Cell culture and transfection

HUVECs were gained from the American Typical Culture Conservatory (ATCC), which were cultured in DMEM maintained in a 37 °C, 5% CO2 incubator. 10% fetal bovine serum and 10% endothelial cell growth supplement were added to the medium. Small interfering (si) RNA (si-NORAD) sequence of lncRNA NORAD gene and its negative control (si-NC), and overexpression plasmid of pcDNA3.1-NORAD were provided by GenePharma Co, while miR-93-5p mimic, mimic-NC, miR-93-5p inhibitor and inhibitor-NC were obtained from the RIBOBIO Co. When cells grew to 80% confluence, the cell transfection was performed using Lipofectamine 3000 (Invitrogen, USA). After 5 h of culture, a new medium was replaced.

RNA extraction and real-time quantitative reverse transcription PCR (RT-qPCR)

Clinical serum samples and HUVECs were used for the total RNA extraction using Trizol LS reagent (Invitrogen, USA). After purity identification, RNA reverse transcription was performed by Fastking gDNA Dispelling RT SuperMix Kit or miRcute Plus miRNA First Stand cDNA Kit (TIANGEN, Beijing, China). SuperReal PreMix Plus (SYBR Green) or miRcute Plus miRNA qPCR Kit (SYBR Green, TIANGEN, Beijing, China) were applied for qPCR on ABI PRISM 7300 (ABI)., while the primer sequences were designed and synthesized by RIBOBIO Co. The relative expression of NORAD and miR-93-5p was calculated by 2−ΔΔCt method. GAPDH was used as the internal reference of lncRNA NORAD gene while U6 was for the internal reference of miR-93-5p, because they were stably expressed and proven to be suitable internal controls. Relative quantities of gene expression levels were normalized to the reference genes (GAPDH or U6) and then normalized to the control group.

Cell proliferation

100 µl HUVECs resuspension was plated into a 96-well plate.

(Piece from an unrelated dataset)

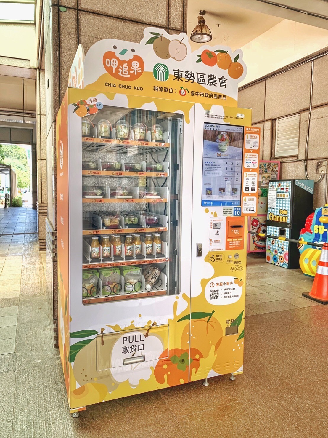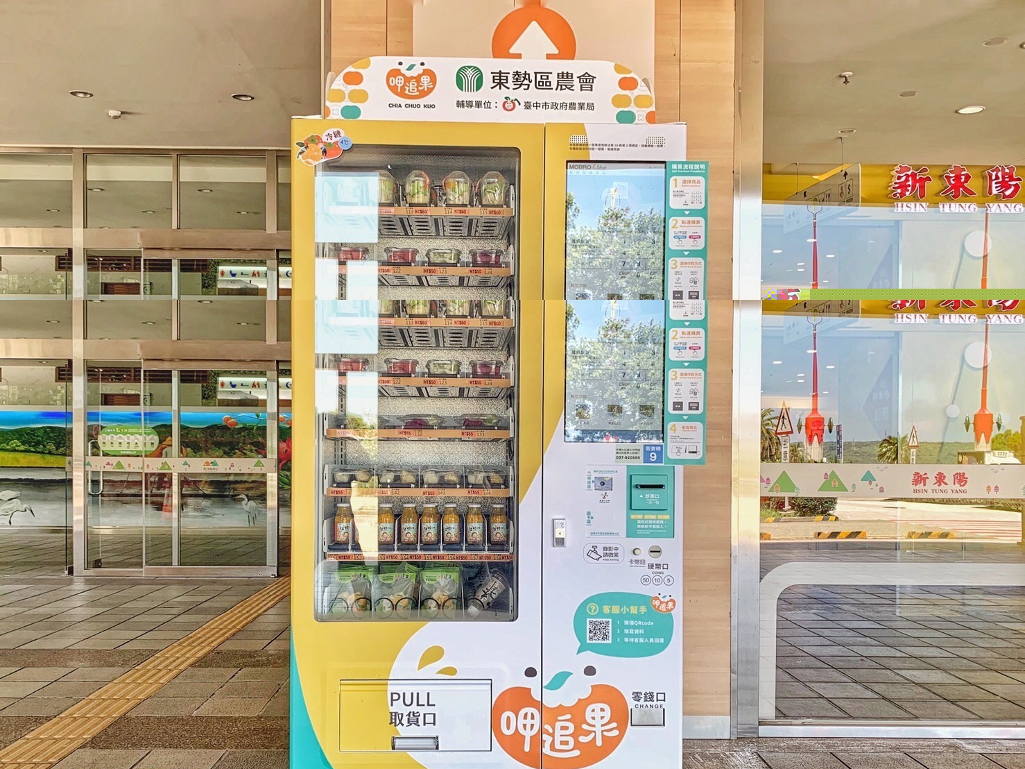 因應COVID-19疫情影響下,減少人與人接觸及排隊的「零接觸」消費模式盛行,台中市政府農業局積極輔導東勢區農會蔬果截切場,共同推出「呷追果-鮮果智能販賣機」,首波於西湖服務區北站與南站亮相,吸睛可愛的外型裡,販售截切水果單品袋、水果拚盤及鮮果原汁等在地優質水果產品,提供消費者更便捷的智慧科技服務,拓展零接觸的農產品安心銷售通路。

Daily cell viability detection was performed for three days consecutively. 10 µl cell counting kit-8 (CCK-8, Dojindo, Japan) was added to the well and incubated for 2 h. The optical density (OD) at 450 nm was tested.

Cell apoptosis

After cell transfection, cells in each group were collected to detect the apoptotic rate using Annexin V-FITC Apoptosis Detection Kit. Specifically, HUVECs were resuspended and incubated with 5 µl Annexin V-FITC mixed with 5 µl propidium iodide (PI) for 5 min in the dark. Finally, the cell apoptotic rate was detected on a flow cytometer.

Cell migration

Cell migration was measured using Trabswell (Corning, USA). The resuspended HUVECs were seeded into the upper chamber of the Transwell, while the lower chamber was filled with 500 µl of DMEM. After incubation for 24 h, the cells migrated into the lower chamber were stained with methanol and crystal violet. After a water rinse, the migrated cells were counted under a light microscope.

Enzyme-linked immunosorbent assay (ELISA)

The concentration of inflammatory cytokines including (TNF)-α, IL (interleukin)-6 (IL-6), and IL-1β were quantified by a commercially available ELISA Kit from Abcam (USA). In brief, the diluted samples and protein standards were added to the plate, and incubated with HRP-coupled detection antibodies. Then the termination solution was added followed by detection of absorbance at 450 nm.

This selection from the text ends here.